* EXERCISE OBJECTIVE
Every line of the records below from the line with "天津美术网讯 由天津市文学艺" up to and including the line with "The motif of" must be reproduced exactly, and no line outside that range.

* STUDY MATERIAL
Content starts
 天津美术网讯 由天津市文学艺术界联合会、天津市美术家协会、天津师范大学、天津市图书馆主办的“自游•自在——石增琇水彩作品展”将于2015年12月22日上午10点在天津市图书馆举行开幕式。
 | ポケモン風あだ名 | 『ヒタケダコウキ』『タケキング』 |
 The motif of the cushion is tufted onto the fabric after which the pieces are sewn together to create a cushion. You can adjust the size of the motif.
Content ends
Content starts
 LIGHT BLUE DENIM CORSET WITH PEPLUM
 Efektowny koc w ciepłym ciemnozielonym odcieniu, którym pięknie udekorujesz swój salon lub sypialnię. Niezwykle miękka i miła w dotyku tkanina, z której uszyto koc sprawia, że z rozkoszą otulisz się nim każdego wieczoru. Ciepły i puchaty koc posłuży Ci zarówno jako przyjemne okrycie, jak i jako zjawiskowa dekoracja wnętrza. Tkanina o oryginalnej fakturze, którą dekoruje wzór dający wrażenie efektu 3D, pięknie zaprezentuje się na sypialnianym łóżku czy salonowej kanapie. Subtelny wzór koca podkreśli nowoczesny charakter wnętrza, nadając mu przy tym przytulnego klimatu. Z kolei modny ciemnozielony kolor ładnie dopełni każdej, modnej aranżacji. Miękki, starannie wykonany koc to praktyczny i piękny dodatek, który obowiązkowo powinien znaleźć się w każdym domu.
Content ends
Content starts
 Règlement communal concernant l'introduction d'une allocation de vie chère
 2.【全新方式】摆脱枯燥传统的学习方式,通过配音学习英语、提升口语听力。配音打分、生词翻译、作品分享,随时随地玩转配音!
Content ends
* ANSWER TO THIS EXERCISE
 天津美术网讯 由天津市文学艺术界联合会、天津市美术家协会、天津师范大学、天津市图书馆主办的“自游•自在——石增琇水彩作品展”将于2015年12月22日上午10点在天津市图书馆举行开幕式。
 | ポケモン風あだ名 | 『ヒタケダコウキ』『タケキング』 |
 The motif of the cushion is tufted onto the fabric after which the pieces are sewn together to create a cushion. You can adjust the size of the motif.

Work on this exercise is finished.